## Data
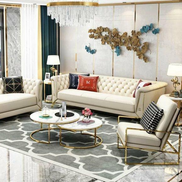 Eleganz trifft auf moderne Akzente – entdecken Sie unsere Chesterfield-Möbel mit Edelstahl-Elementen! Klassische Chesterfield-Sofas, Sessel und Hocker erhalten durch glänzende Edelstahlfüße und -details eine zeitlose, luxuriöse Note. Perfekt für stilvolle Wohnräume!
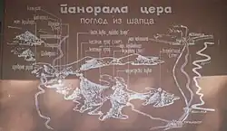 The hajduks lay in ambush in the thick forest on the western side of the hill.[9] Most of the information on the battle is traditionally taken from Gusle player Filip Višnjić's epic poem Boj na Čokešini.[9] Although he was not a witness to the battle (he was blind and arrived in Serbia in 1809), he received much material for his poem as the battle was a popular topic according to newer historiography.[11] In it, the hajduks had the upper hand in the beginning, managing to kill several named flag-bearers (bayraktar), which is taken to be true.[11] In battles, the flag-bearers increased moral and were always targeted first.[3] Further on, the Ottoman Bosnian numerical supremacy became clearer, which is also pointed out by Višnjić.[11] A later source claims that the hajduks first lost the south part of their cover and then after fiercer attacks lost the north part, after which they were completely surrounded.[11] It became a close combat fight with strangling and cutting that continued to dusk.[11] The Ottoman Bosnian troops were reinforced during the battle from Janja.[1] According to some accounts the Bosnian troops also had several cannons.[4] The two Nedić brothers were wounded in the legs and fought on their knees until their deaths, with exhumation showing that Damjan had a round bullet and hole in his chest the size of a small pear (his body was transferred to the memorial graveyard in 1890).[12] The rebels were out of ammunition and their weapons became deformed due to constant shooting.[4] The last surviving hajduks fell by the Lipovica stream.[11] Only two Serbs survived the battle, wounded monk Simeon and Nedić's apprentice Grujica Jevremović who survived while fetching food for the hajduks.[3]
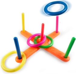 При хвърляне на ринговете към колчетата децата естествено тренират координацията око–ръка, точността и концентрацията. Идеално за общи игри на цялото семейство.
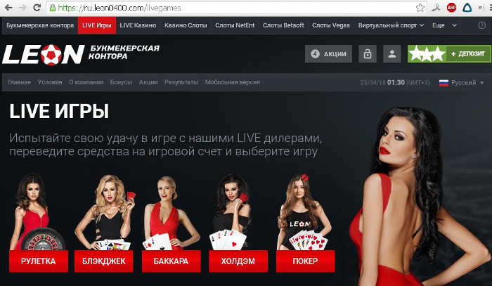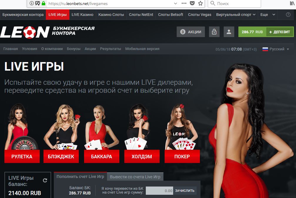 БК Леон мне понравилось своими лайв играми… Там есть и Рулетка и Баккара и БлекДжек ну и покер конечно как без него… Да много там еще шо есть, уже начал разбираться. Прикольно то, шо мин деп от 1 рубля а вывод от 100р, если кому интересно конеШно.
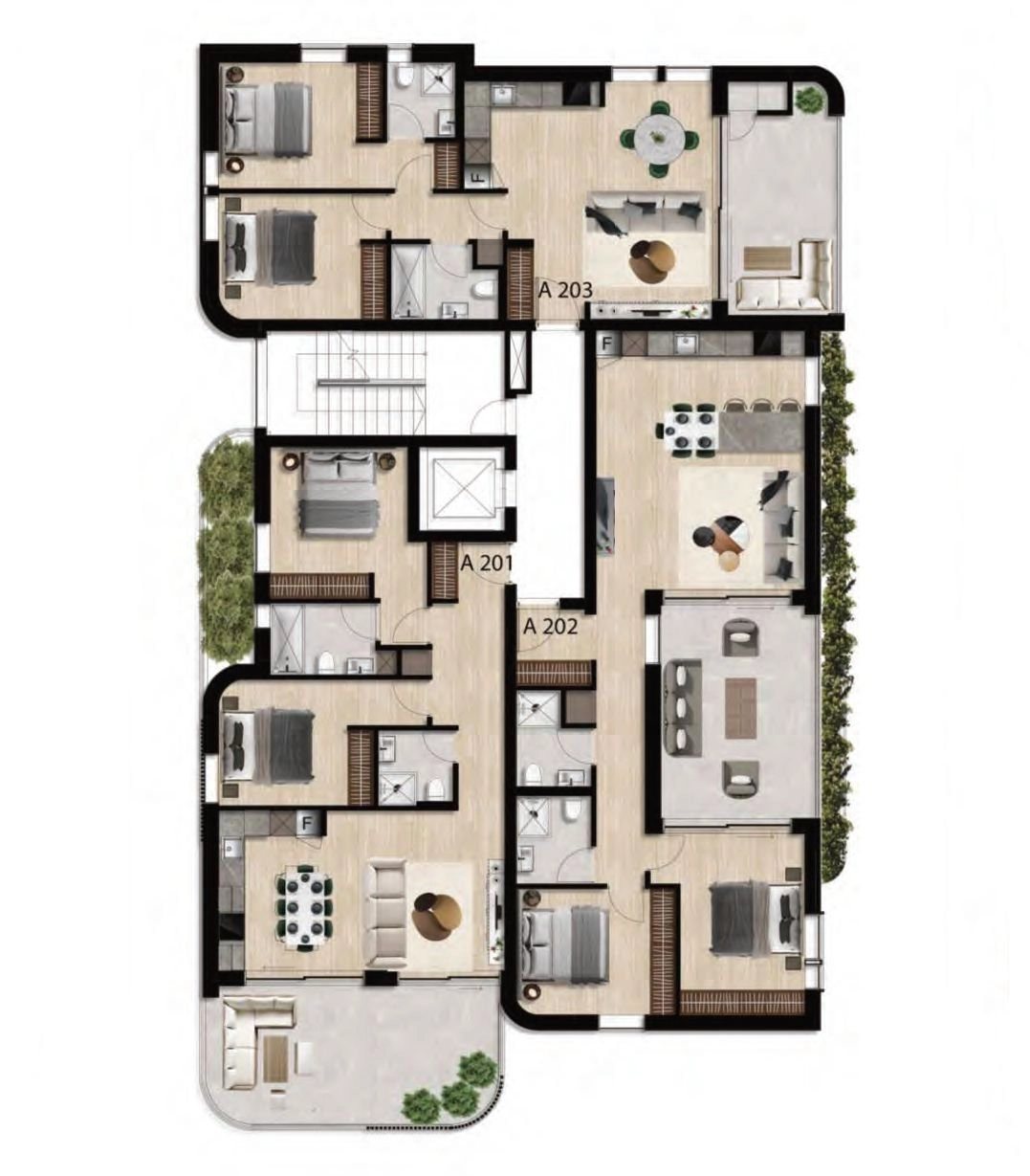 Carefully selected materials such as grafiato plaster and natural travertine ensure durability, texture, and a premium feel, while green landscaping on balconies enhances privacy and harmony with nature. Panoramic glazing and smooth architectural lines give the project a light, modern character combined with structural solidity.
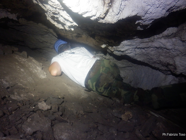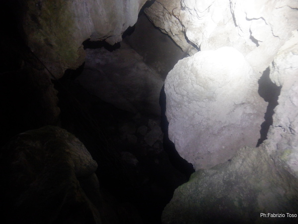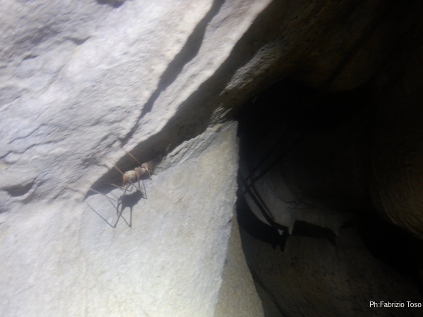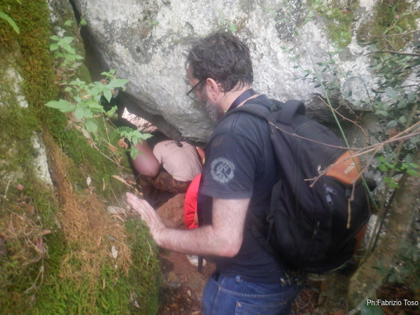 Insieme a Martina, che nel frattempo mi ha raggiunto, chiamiamo a gran voce i Gabriele perche’ ci raggiungano a vedere quello che abbiamo scoperto. Quando Gabriele locale arriva riconosce nel buco la grotta che aveva trovato tempo fa.
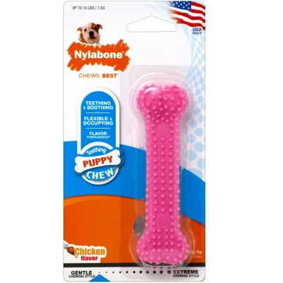 Nylabone Puppy Chew Dental Bone Chew Toys are safe, beneficial and entertaining chews for teething puppies. Like all dogs, puppies have a natural urge to chew, and these bone shaped toys provide an outlet that keeps your furniture, shoes and slippers safe. Bristles that rise up during chewing also help to clean teeth and control plaque and tartar for a healthy mouth. And the delicious chicken flavor means your pup will never say no to a chew!

## Problem to work on
All the records need to be repeated exactly, with the images dropped.

## Response for this exercise
 Eleganz trifft auf moderne Akzente – entdecken Sie unsere Chesterfield-Möbel mit Edelstahl-Elementen! Klassische Chesterfield-Sofas, Sessel und Hocker erhalten durch glänzende Edelstahlfüße und -details eine zeitlose, luxuriöse Note. Perfekt für stilvolle Wohnräume!
 The hajduks lay in ambush in the thick forest on the western side of the hill.[9] Most of the information on the battle is traditionally taken from Gusle player Filip Višnjić's epic poem Boj na Čokešini.[9] Although he was not a witness to the battle (he was blind and arrived in Serbia in 1809), he received much material for his poem as the battle was a popular topic according to newer historiography.[11] In it, the hajduks had the upper hand in the beginning, managing to kill several named flag-bearers (bayraktar), which is taken to be true.[11] In battles, the flag-bearers increased moral and were always targeted first.[3] Further on, the Ottoman Bosnian numerical supremacy became clearer, which is also pointed out by Višnjić.[11] A later source claims that the hajduks first lost the south part of their cover and then after fiercer attacks lost the north part, after which they were completely surrounded.[11] It became a close combat fight with strangling and cutting that continued to dusk.[11] The Ottoman Bosnian troops were reinforced during the battle from Janja.[1] According to some accounts the Bosnian troops also had several cannons.[4] The two Nedić brothers were wounded in the legs and fought on their knees until their deaths, with exhumation showing that Damjan had a round bullet and hole in his chest the size of a small pear (his body was transferred to the memorial graveyard in 1890).[12] The rebels were out of ammunition and their weapons became deformed due to constant shooting.[4] The last surviving hajduks fell by the Lipovica stream.[11] Only two Serbs survived the battle, wounded monk Simeon and Nedić's apprentice Grujica Jevremović who survived while fetching food for the hajduks.[3]
 При хвърляне на ринговете към колчетата децата естествено тренират координацията око–ръка, точността и концентрацията. Идеално за общи игри на цялото семейство.
 БК Леон мне понравилось своими лайв играми… Там есть и Рулетка и Баккара и БлекДжек ну и покер конечно как без него… Да много там еще шо есть, уже начал разбираться. Прикольно то, шо мин деп от 1 рубля а вывод от 100р, если кому интересно конеШно.
 Carefully selected materials such as grafiato plaster and natural travertine ensure durability, texture, and a premium feel, while green landscaping on balconies enhances privacy and harmony with nature. Panoramic glazing and smooth architectural lines give the project a light, modern character combined with structural solidity.
 Insieme a Martina, che nel frattempo mi ha raggiunto, chiamiamo a gran voce i Gabriele perche’ ci raggiungano a vedere quello che abbiamo scoperto. Quando Gabriele locale arriva riconosce nel buco la grotta che aveva trovato tempo fa.
 Nylabone Puppy Chew Dental Bone Chew Toys are safe, beneficial and entertaining chews for teething puppies. Like all dogs, puppies have a natural urge to chew, and these bone shaped toys provide an outlet that keeps your furniture, shoes and slippers safe. Bristles that rise up during chewing also help to clean teeth and control plaque and tartar for a healthy mouth. And the delicious chicken flavor means your pup will never say no to a chew!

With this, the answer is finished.